New publication on the quantitative assessment and comparison of urban patterns in Germany and the USA
Researchers from the Munich University of Applied Sciences (MUAS) in Munich, the Research Institute for Regional and Urban Development (ILS) in Dortmund, the Earth Observation Center (EOC) of the German Aerospace Center (DLR) in Oberpfaffenhofen and the University of Würzburg in Würzburg teamed up for a comparison of settlement patterns between Germany and the USA. The paper titled “Quantitative assessment and comparison of urban patterns in Germany and the United States” was just published in the Journal Computers, Environment & Urban Systems by Andreas Schmitt, Philipp Uth, Ines Standfuß, Bastian Heider, Stefan Siedentop & Hannes Taubenböck. They developed methods to assess the homogeneity of the settlement landscape and to identify settlement clusters in terms of location and size.

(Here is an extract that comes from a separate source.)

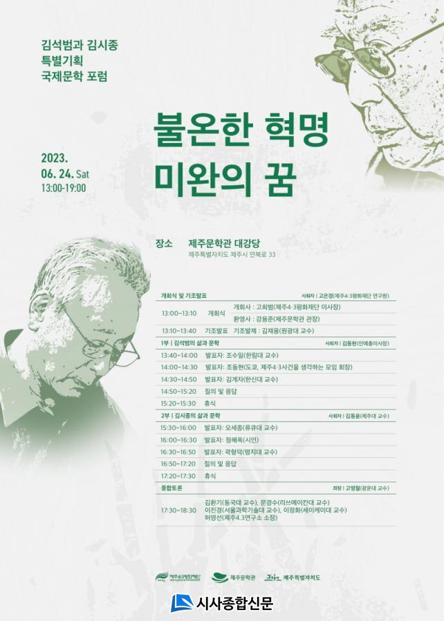 Á¦ÁÖ4.3ÆòÈÀç´Ü(ÀÌ»çÀå °íÈñ¹ü)°ú Á¦ÁÖ¹®Çаü(°üÀå °¿ëÁØ)Àº ¿À´Â 6¿ù 24ÀÏ(Åä) Á¦ÁÖ¹®Çаü ´ë°´ç¿¡¼ ¡®±è¼®¹ü°ú ±è½ÃÁ¾ Ưº°±âȹ ±¹Á¦¹®ÇÐ Æ÷·³¡¯¸¦ °³ÃÖÇÑ´Ù.

From the Abstract: In this paper, we present methods to assess the homogeneity of the settlement landscape and to identify settlement clusters in terms of location and size. Due to various input data, methodologies, and spatial concepts, there are only a few international comparative research studies with quantitative, spatial approaches to date. Existing studies are mostly qualitative and empirically hardly replicable. Here, we introduce two novel methodological approaches to describe urban land patterns in a numerically stable, consistent and globally comparable manner. The first method evaluates the multi-scale homogeneity of the settlements and the respective density distributions in a purely non-parametric approach. The second method transfers the settlement patterns into a Gaussian Mixture Model via hierarchical multi-scale clustering in order to describe each cluster by the parameters of a 2D Gaussian distribution. In order to proof the robustness of both approaches, two different
reference units are considered for the interpretation of the results: OECD functional urban areas and standardized subsets of 200 km × 200 km around the same central cities. We show that German urban areas are characterized by a higher heterogeneity within a smaller neighbourhood with an almost symmetric density distribution in comparison to urban areas in the U.S. Furthermore, German urban areas possess an increasing homogeneity with increasing size, i.e., the larger the urban agglomeration, the more uniform it appears. It is the contrary in the U.S. These findings are substantiated by the analysis of individual city centres. In Germany, many clusters of similar size define the urban region, whereas in the U.S. one large dominating cluster exceeds most neighbouring settlements significantly. The study is performed on the Global Urban Footprint Density, which assigns a density value to each urban pixel of about 30 m by 30 m. In this way, the approach is a blueprint to be extended to urban patterns of any spatial unit worldwide.